Shiv Kapur recalls that Husain was “fond of quoting E.M. Forster’s epigrammatic remark ‘I don’t believe in belief; Lord help me in my disbelief’ [...] The ambience of his childhood and youth laid the groundwork for his mystic preoccupation and for his concern with sensuality and the nature of knowledge and innocence. It also brought forth from the depths of his personal loneliness his prototypical featureless figure robed in impenetrable solitude” (S. Kapur, Ibid., 1972, p. 32). The present lot, featuring symbols like a robed figure and a mosque, reflects Husain’s complicated relationship with his religious beliefs.

Elements like the calligraphy that runs across the canvas and the galloping horses that occupy over half of the composition, represent Husain’s earliest encounters with the spiritual possibilities of art.
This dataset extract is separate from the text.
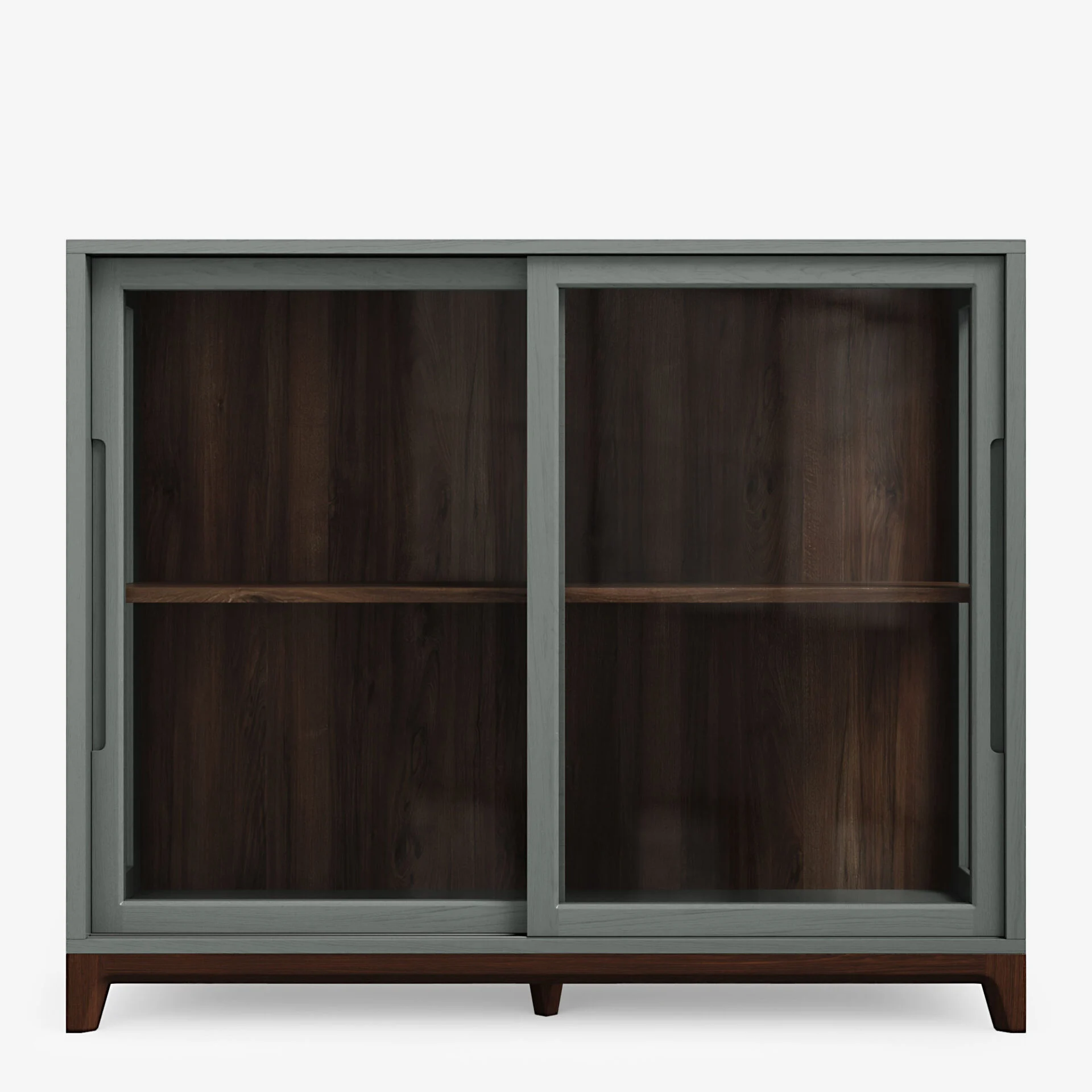 Лаконичный дизайн низкой витрины Case обуславливает легкость ее применения в благородных интерьерах – от классических до ультрасовременных. Боковые элементы и сдвижные фасады со стеклом предоставляют трехсторонний обзор содержимого и демонстрируют яркую текстуру дерева. Особенности: Удобные интегрированные ручки; Заметная текстура дерева на всех деталях, покрытых эмалью; На витрине установлены направляющие с регулировкой уровня фасадов и доводчиками; ; Нагрузка на каждую полку до 25 кг.

The text, an opening verse to a chapter in the Quran, is evident of the calligraphic writing that Husain trained in at school. During this time, he also helped build and decorate bamboo and paper horses of tazias, or the larger than life effigies of Imam Hussain’s faithful steed that were carried out in religious processions. Horses have since been a recurring motif in his paintings. During his travels to China in 1952, he studied the Sung dynasty representations of horses. Later, in Europe, he was fascinated by Franz Marc and Marino Marini’s equine paintings and sculptures. Making the motif his own, Husain’s horses are imbued with untethered energy and motion, painted using vigorous brushstrokes and gestural lines.

Husain painted this monumental work in Doha in 2008, two years after the artist permanently left his home in India. The composition thus also appears to pay tribute to his last home in Doha, with palm trees and a mosque in the background, possibly inspired by the landscape and architecture of the city.